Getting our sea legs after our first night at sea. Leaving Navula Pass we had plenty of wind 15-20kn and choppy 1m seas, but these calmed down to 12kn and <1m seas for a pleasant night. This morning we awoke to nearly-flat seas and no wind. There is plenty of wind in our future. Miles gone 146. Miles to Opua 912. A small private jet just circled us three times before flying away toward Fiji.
==
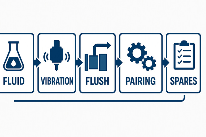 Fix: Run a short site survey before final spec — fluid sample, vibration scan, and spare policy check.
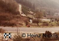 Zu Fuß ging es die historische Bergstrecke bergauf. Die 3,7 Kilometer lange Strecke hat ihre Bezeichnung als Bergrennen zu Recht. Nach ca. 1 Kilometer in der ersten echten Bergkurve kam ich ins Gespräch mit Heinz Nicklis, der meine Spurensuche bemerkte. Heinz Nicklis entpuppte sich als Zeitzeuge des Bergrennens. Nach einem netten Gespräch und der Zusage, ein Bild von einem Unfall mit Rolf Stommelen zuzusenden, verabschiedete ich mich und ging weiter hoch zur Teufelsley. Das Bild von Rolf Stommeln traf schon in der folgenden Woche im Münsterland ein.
--
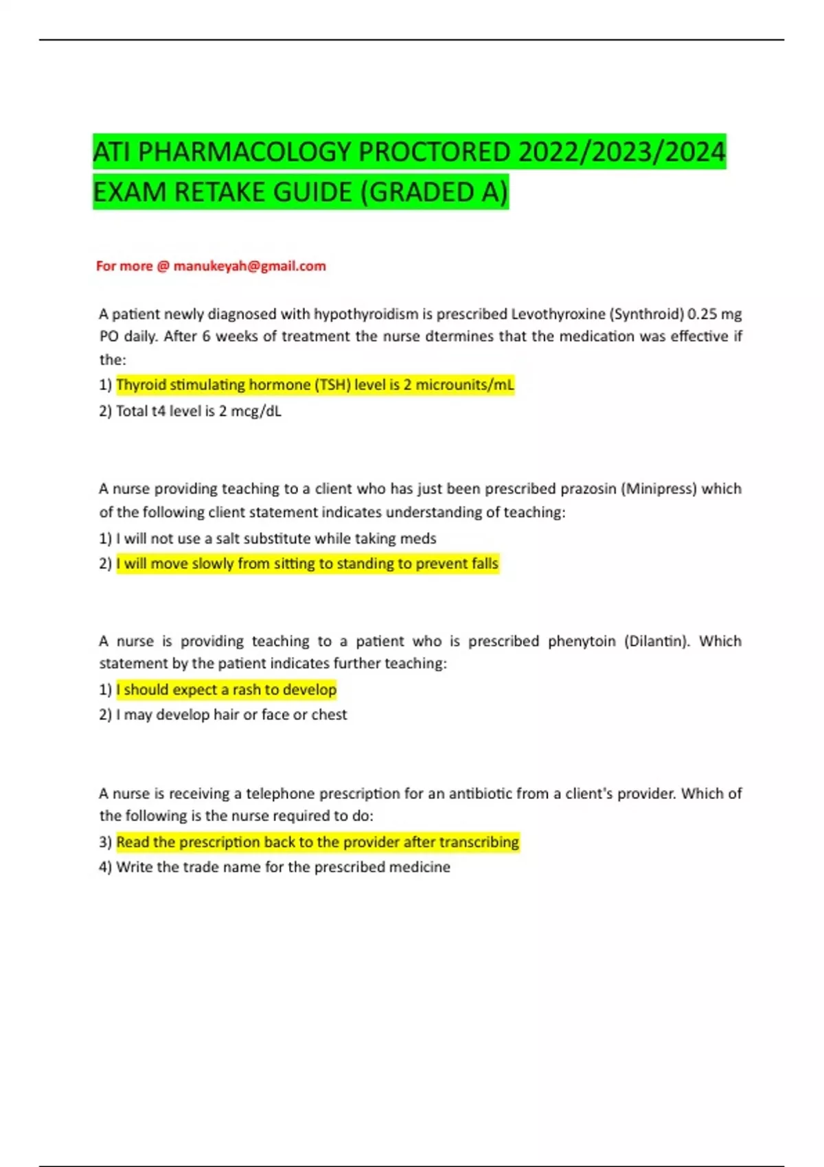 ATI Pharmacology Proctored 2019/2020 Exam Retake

# Directions
Go to the line above holding "Fix: Run a short", then copy exactly each line down to and including the one holding "Zu Fuß ging", leaving pictures out.

# Written response
 Fix: Run a short site survey before final spec — fluid sample, vibration scan, and spare policy check.
 Zu Fuß ging es die historische Bergstrecke bergauf. Die 3,7 Kilometer lange Strecke hat ihre Bezeichnung als Bergrennen zu Recht. Nach ca. 1 Kilometer in der ersten echten Bergkurve kam ich ins Gespräch mit Heinz Nicklis, der meine Spurensuche bemerkte. Heinz Nicklis entpuppte sich als Zeitzeuge des Bergrennens. Nach einem netten Gespräch und der Zusage, ein Bild von einem Unfall mit Rolf Stommelen zuzusenden, verabschiedete ich mich und ging weiter hoch zur Teufelsley. Das Bild von Rolf Stommeln traf schon in der folgenden Woche im Münsterland ein.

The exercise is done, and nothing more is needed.